Pourquoi la BCE n'opte-t-elle pas pour la "confidentialité totale" ? Comme le souligne Fabio Panetta, membre du directoire de la BCE, la BCE est tenue d'adhérer aux réglementations relatives à la lutte contre le blanchiment d'argent et le financement du terrorisme, qui exigent une certaine vérifiabilité de l'identité de l'utilisateur et du contenu des transactions. Pour la BCE, il s'agit de trouver un équilibre entre confidentialité et audibilité. Mais, ce faisant, il est crucial de ne pas oublier l'importance de la vie privée et son statut de droit fondamental. Et la vie privée et la protection des données ne sont pas seulement des exigences des utilisateurs.

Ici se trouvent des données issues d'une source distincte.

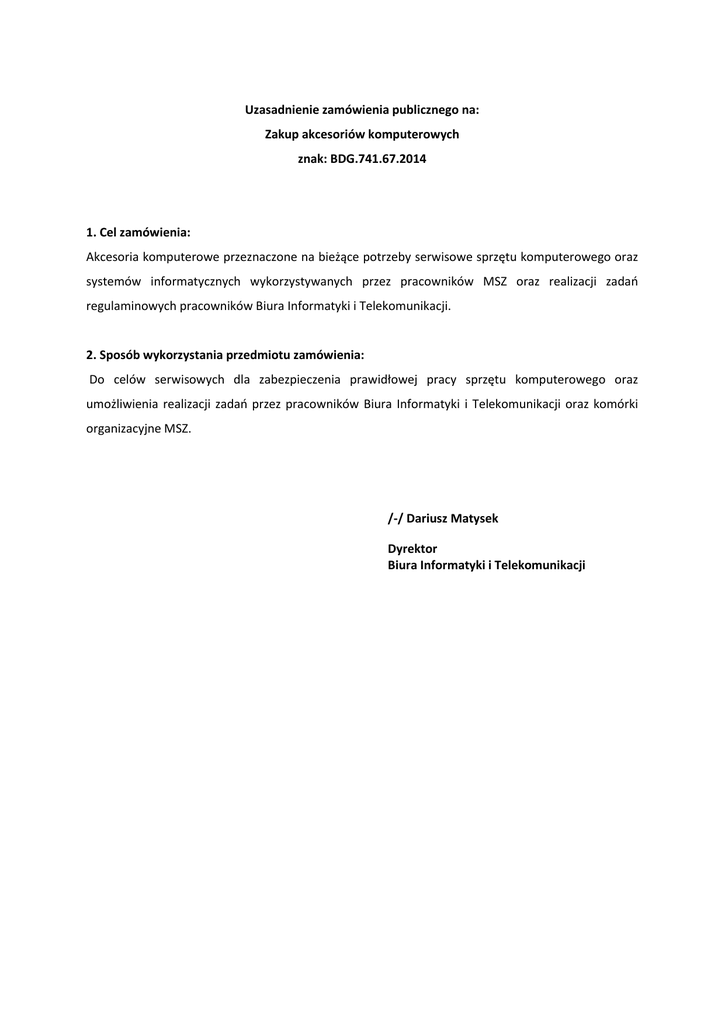 Uzasadnienie zamówienia publicznego na: Zakup akcesoriów komputerowych znak: BDG.741.67.2014 1. Cel zamówienia: Akcesoria komputerowe przeznaczone na bieżące potrzeby serwisowe sprzętu komputerowego oraz systemów informatycznych wykorzystywanych przez pracowników MSZ oraz realizacji zadań regulaminowych pracowników Biura Informatyki i Telekomunikacji. 2. Sposób wykorzystania przedmiotu zamówienia: Do celów serwisowych dla zabezpieczenia prawidłowej pracy sprzętu komputerowego oraz umożliwienia realizacji zadań przez pracowników Biura Informatyki i Telekomunikacji oraz komórki organizacyjne MSZ. /-/ Dariusz Matysek Dyrektor Biura Informatyki i Telekomunikacji

Elles sont également des droits fondamentaux consacrés par les articles 7 et 8 de la Charte des droits fondamentaux de l'Union européenne. La Cour de justice de l'UE (CJUE) et les organes législatifs de l'UE ont élaboré divers principes et cadres juridiques pour respecter ces droits, tels que le Règlement général sur la protection des données (RGPD). En tant qu'institution de l'UE, la BCE est également tenue de les respecter.
Enfin, le respect de la vie privée dans l'euro numérique est important tout simplement pour éviter que l'euro numérique n'échoue. En fait, pour que l'euro numérique soit finalement un succès, il doit être utilisé dans la vie quotidienne par les Européens. Et si les citoyens n'utilisent pas un futur euro numérique parce qu'ils n'ont pas confiance dans la protection et la confidentialité de leurs transactions et de leur identité, l'émission d'un euro numérique n'a guère de sens.
En gros, lorsqu'il s'efforcera d'introduire un euro numérique, l'Eurosystème devra examiner des considérations juridiques, telles que la base juridique de l'émission d'un euro numérique, la question de savoir si un euro numérique peut avoir cours légal, les questions de droit privé, le risque cybernétique, l'application des règles de lutte contre le blanchiment de capitaux et le financement du terrorisme, ainsi que les aspects liés à la protection de la vie privée et des données. Une tâche qui s'annonce difficile.